In his own words, Josh LaJaunie grew up hunting, fishing, drinking, eating playing football and getting fat. As he tipped the scales at 400lbs (180kg) in 2011, he decided to change his life after he read about a vegan ultra-marathon runner.
Between 2011 and 2014, the 38-year-old from South Louisiana, lost 200lbs (90kg) and became a committed vegan. In 2013, he ran his first 10k race under one hour. Half a decade after the life of vegan runner Scott Jurek flicked a switch in his brain, he appeared on the cover of the US magazine Runner’s World December 2016 Reader’s Issue.
“I had always been a big guy, tall guy, and wasn't sure that plants alone could adequately nourish me,” LaJaunie, a property manager, tells The Independent, describing the 10k as a “big achievement” which had taken “a lot of commitment and training.”
In September 2016, he finished third at the Wildcat 100-mile marathon in Florida – his longest to date – and ran the New York City marathon in November. Looking to the future, he hopes to run a 10k in under 40minutes.

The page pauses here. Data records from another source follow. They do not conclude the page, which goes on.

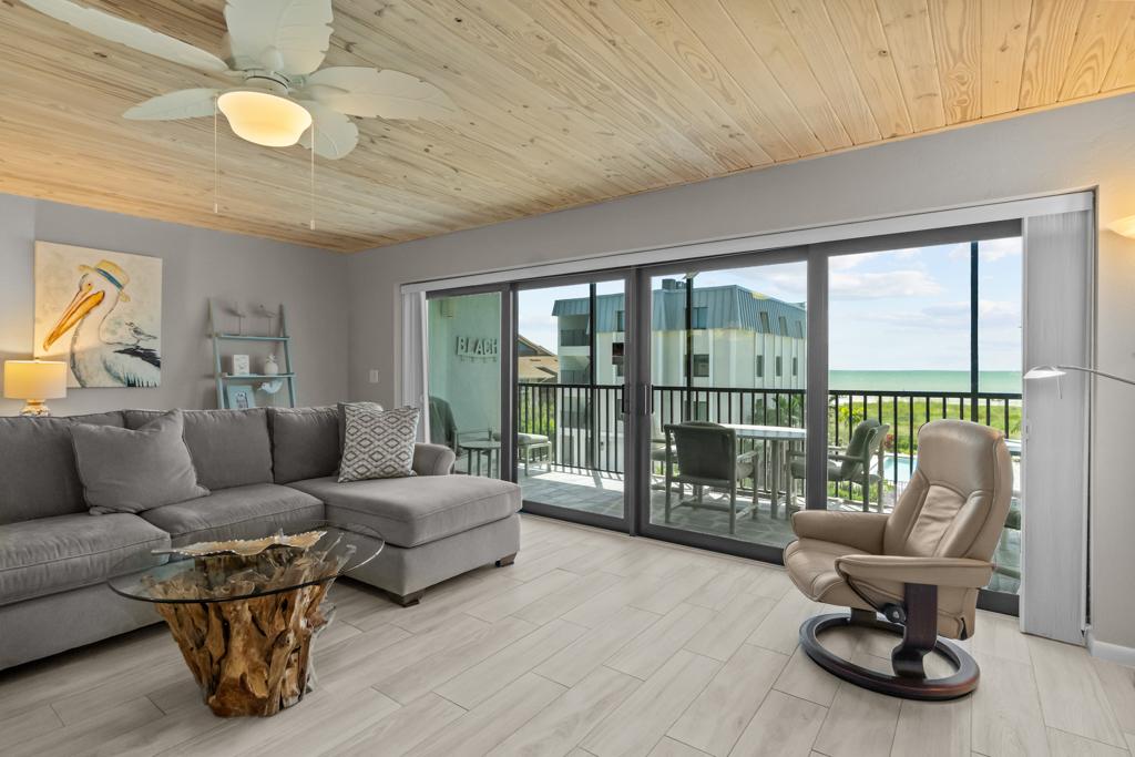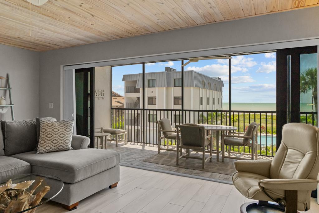 Welcome to your dream island retreat at Shorewood of Sanibel! This beautifully updated 3-bedroom, 2-bath condo combines comfort, style, and breathtaking Gulf views for the ultimate beach escape. Located on the second living level (third floor), this rare corner unit offers a front-row seat to stunning sunsets and uninterrupted views of the shimmering waters—right from your private lanai.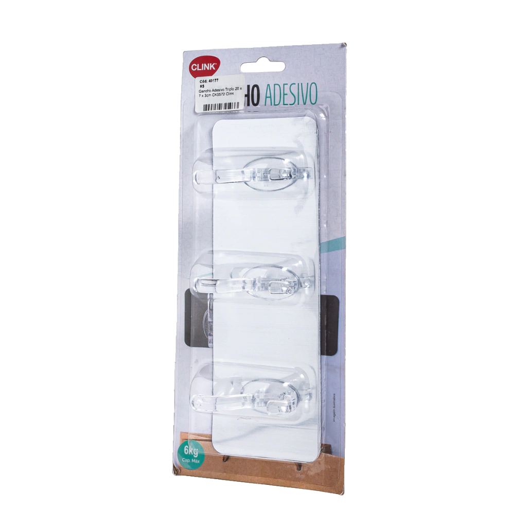 Gancho Adesivo Triplo 20 x 7 x 3cm CK5572 Clink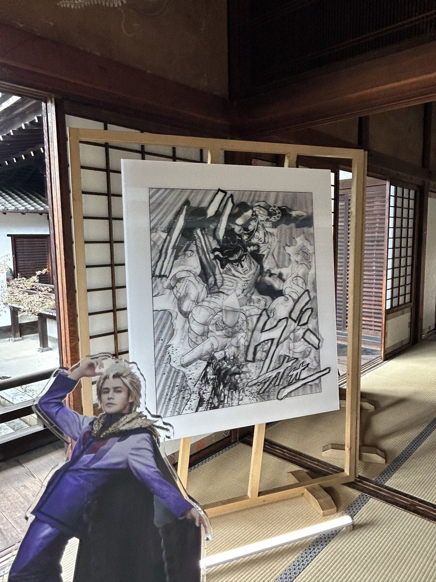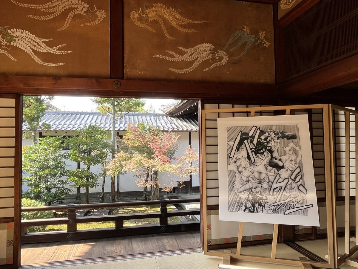 東本願寺、白書院にて荒木飛呂彦先生のジョジョ作品展拝んできた🙏空気が、空間が、匂いが、全て作品の一部のような特別な展示会だった。黄金体験。1番奥の、陽の光の差さない薄暗い場所に鎮座する優しい表情のDIO様が印象的で、ポストカードが欲しかった。 pic.x.com/8pR3r8ntzY

As a teenager and a promising lineman in his high school American football team, LaJaunie was promised a scholarship at the University of Arkansas at Monticello, and his coaches encouraged him to gain weight. But instead of hitting the gym, LaJaunie ate himself heavier. Among his meals were traditional Cajun fare, including gumbo, jambalaya, pot-fried rabbit or squirrel cooked in that gravy, crawfish, or deer chilli. In other words, about as far from veganism as possible.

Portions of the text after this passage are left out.